Friday, September 24, 2010

Everything That Rises.

So I want to share this.

I recently, randomly checked a bunch of books out of the library and one of them is called EVERTHING THAT RISES: A BOOK OF CONVERGENCES. Now I was an English major, but I still didn’t know what the hell that meant, but it is a very pretty book and so I took the thing home with me.

This is one of those rare instances in life when that which is at first purely aesthetically pleasing reveals itself to be not only surprisingly deep and meaningful, but ultimately intimidating profound (this - BTW – is exactly the experience that all of my narcissistic first-person male narrators keep having with women in my stories, but I will save that discussion for my shrink).

Anyway, I’m a smart and funny and mildly attractive man so of course I am spending my Friday night sitting on the balcony drinking wine and reading library books (natch) and I open this book to a random essay and start reading and it is a profound little piece about how when Albert Einstein was working in that Austrian patent office as a young man, how the technical endeavor of the moment was finding a way to precisely measure time.

With out universalized cell phone time and out GPS and nuclear clocks, we tend to forget that it was once very hard to stand in Vienna and know exactly what time it was in Beijing. Or, more to the point, it was difficult for a guy at a train station in Omaha to know what the hell time the train was going to show up if the train was on New York time.

The point that the author of the piece is trying to make is that of course Einstein was thinking about “simultaneousness” across great distances (which is a big part of the Theory of Relativity) because he spent all fricken’ day looking at patents that were attempting to measure exactly that.

Does that make sense?

And then it clicked and I understood what the hell this book is about. It is about “convergences”, just like it said on the cover.

I will give you a much better example that Lawrence Wescher used in the introduction (Wescher, it turns out, wrote all of the pieces in this book. For some reason I had initially assumed that they were by different authors. Anyway, this guy is way the hell smarter than anyone you have ever met.) He invokes a man named John Berger who wrote about the (apparently) infamous photo of Che Guevara’s corpse. Wescher described the photo, “Che’s corpse, gruesomely splayed out like that for public display, his military captors proudly arrayed alongside”.

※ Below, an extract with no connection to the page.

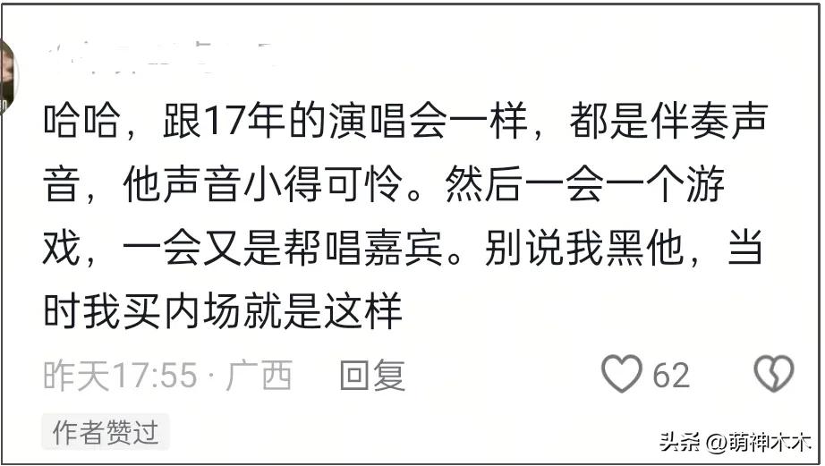作品确实是一个人的底气,但是歌手如果不想要唱现场,那不开演唱会就好了,不能既要又要,长此以往,砸得是自己的口碑。最后,想要去看的人就降低预期,可能还会比较好接受。

I had never seen this photo and so I hopped on the google machine and here it is:



Then Wescher goes on (to paraphrase Berger) and explain that this photo is reminiscent of something. It is reminiscent of Rembrandt’s famous painting Anatomy Lesson (which I have seen before, thank you very much).

Wescher explains of Berger’s idea, “And of course he’s right: that’s undoubtedly the image (hot-wired, as it were, into all their brains) that taught all of the strutting officers how to pose in relation to their prize, and taught the photographer where to plant his camera in relation to his subjects.”



This is the point at which my mind melted a little bit and I fell in love with this book (you can expect to get a copy for your birthday, BTW). The point isn’t that these people were purposely or intentionally or even knowingly recreating something else, but rather that they were unconsciously doing what they thought they were supposed to, almost as if they were unconsciously playing the part in which they had been cast.

What is fascinating about these pictures, and about this entire book, is that when these convergences are identified, they seem so obvious that I feel like an idiot for never having seen them before.

I mean, OF COURSE Einstein had time and distance on his mind, that’s what he had to spend his whole day thinking about.

I have always believed that life and the world are beautiful not because of the jagged, chaotic randomness, but because of the strange, serpentine, half-invisible interconnectedness. This book is not a book, so much as it is a of map connections, the same way that the map of the living brain would be a snapshot of synapses firing off effimeral bolts of lightning.

In other words, it is a catalog of the connections we can find. It is an all-too-brief collection of moments of real understanding. And those moments of understanding make the whole of existence seem comprehendible and, somehow, delicately beautiful at the same time.

Anyway, it is a good book. You should go check it out from your library.